The Head of Civil Service of the Federation, Winifred Oyo-Ita, whose office is in charge of the task, says it is part of the eight priority areas of the Federal Civil Strategy and Implementation Plan spanning 2017 to 2020. Since April 2017, employees had been directed to update their profile on the online verification portal. Ministries of Information, Health, Defence and Office of the Secretary to the Government of the Federation have completed their own, going by the July 20 deadline for them. The screening was scheduled to be completed on August 3.

As of 2016, workers monthly salaries gulped N165 billion, according to the Minister of Finance, Kemi Adeosun, which she added was not sustainable. The staggering figure exists, despite the over 120,000 ghost workers that have been purged from the payroll through the IPPIS system. The initiative is a product of the World Bank, introduced in 2007 in order to have a comprehensive database for public sector reform. The then Minister of Finance, Ngozi Okonjo-Iweala, said in October 2014 that  60,000 “ghost workers” had been weeded out, which translated to a N160 billion saving for the public treasury.

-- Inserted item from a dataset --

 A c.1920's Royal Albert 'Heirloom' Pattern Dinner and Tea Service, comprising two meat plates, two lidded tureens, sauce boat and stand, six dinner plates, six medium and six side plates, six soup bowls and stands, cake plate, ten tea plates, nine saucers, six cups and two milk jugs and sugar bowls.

Ironically, as hard as government tries to block the leakage, the harder the syndicates perfect their entrenchment strategies. Within the first year in office, the Muhammadu Buhari administration had discovered additional 60,395 “ghost workers”. Adeosun told the Senate Committee on Finance in 2016 that 23,000 of them were discovered through the Bank Verification Number, while the Economic and Financial Crimes Commission stated in April the same year that it uncovered 37,395 of such anomalies.

The minister explained that the scourge prevailed because the IPPIS of the last administration was compromised. Many government establishments were not captured then. This explains why a near-moribund Nigeria Railway Corporation still had 10,000 workers on its payroll as of 2016.

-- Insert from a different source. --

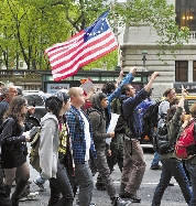 5月1日,“占领华尔街”运动抗议者在纽约曼哈顿街头进行抗议活动。

Through the Presidential Initiative on Continuous Audit of the MDAs in collaboration with the EFCC, N208.4 billion was saved in 2016 and 2017, from “ghost workers” syndrome. On the progress PICA has made, its secretary, Mohammed Dikwa, said in April this year that the panel’s focus was not only on personnel leakage, but also on breaches covering overhead costs, capital supplementation, pension and gratuity and statutory transfers. Payroll fraud, Dikwa said, “Involves many people and, most times, they operate in a syndicate. An individual cannot just go and insert somebody’s name on the payroll; it requires the connivance of officers from different places.”

Such a caravan of fraudsters in a government department can easily be burst, if those in the upper echelons of the bureaucracy are not involved. The civil service has to adopt a private sector approach in dealing with wage fraud, where  personnel heads and accounts officers who prepare salary vouchers are held responsible for any foul play. It is by so doing that the right message is passed that there are consequences for bad behaviour. Again, the EFCC probe of the 37,395 cases reported two years ago should be fast-tracked so that those found culpable would face the full weight of the law. The snail’s pace of the bureaucracy which slows the enforcement of punitive sanctions deserves a second look.

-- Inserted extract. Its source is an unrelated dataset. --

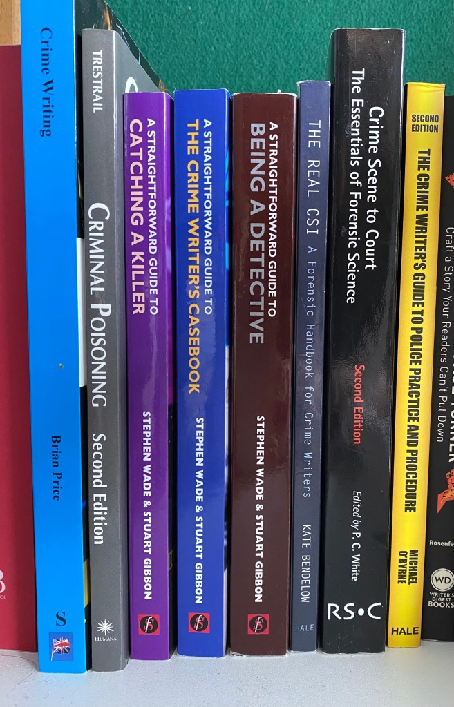 Jane owns a large collection of reference books for crime writers. These include The Real CSI by Kate Bendelow, Criminal Poisoning by John Harris Trestrail, and Crime Writing: How to Write the Science by Brian Price. She also owns all of the Straightforward Guides by Stephen Wade and Stuart Gibbon. Jane explained the series co-author, Stuart Gibbon, is a former UK senior police detective. As well as writing books, he also offers a crime writing consultancy, gibconsultancy.co.uk, providing authors with information to help them write authentically about police procedures.

Government should stop treating this matter with kid gloves. Oyo-Ita should ensure that the verification this time is comprehensive and those found wanting are thrown out of service and prosecuted. Lack of this is why the phenomenon has become intractable. Fraudsters or criminals in the garb of civil servants should not be labelled as “ghost workers” and then left alone.

The police force is a serious case. Data from the Accountant-General’s office showed that its much-vaunted workforce of 371,800 is a farce. The IPPIS in February this year revealed 291,685 personnel as its staff strength, requiring N22.3 billion monthly wages, and not N23.4 billion paid prior to the verification. This was not the first; police payroll screening in 2010 exposed 20,000 fake workers and the swindling of N6 billion.

A bureaucracy that is notorious for plundering the treasury cannot be service-delivery oriented. Transparency International, in its 2013 corruption perceptions index, had rated Nigeria’s public officials/civil servants as the third most corrupt, next to police and political parties. Its earlier report on “Bribe Payers Index” was spot-on when it noted, “Corrupt civil servants in the oil-rich Nigeria pocketed some $3.2 billion in bribes in 2010/2012 financial years alone.” Under Buhari, this incredible and disgraceful national narrative should change.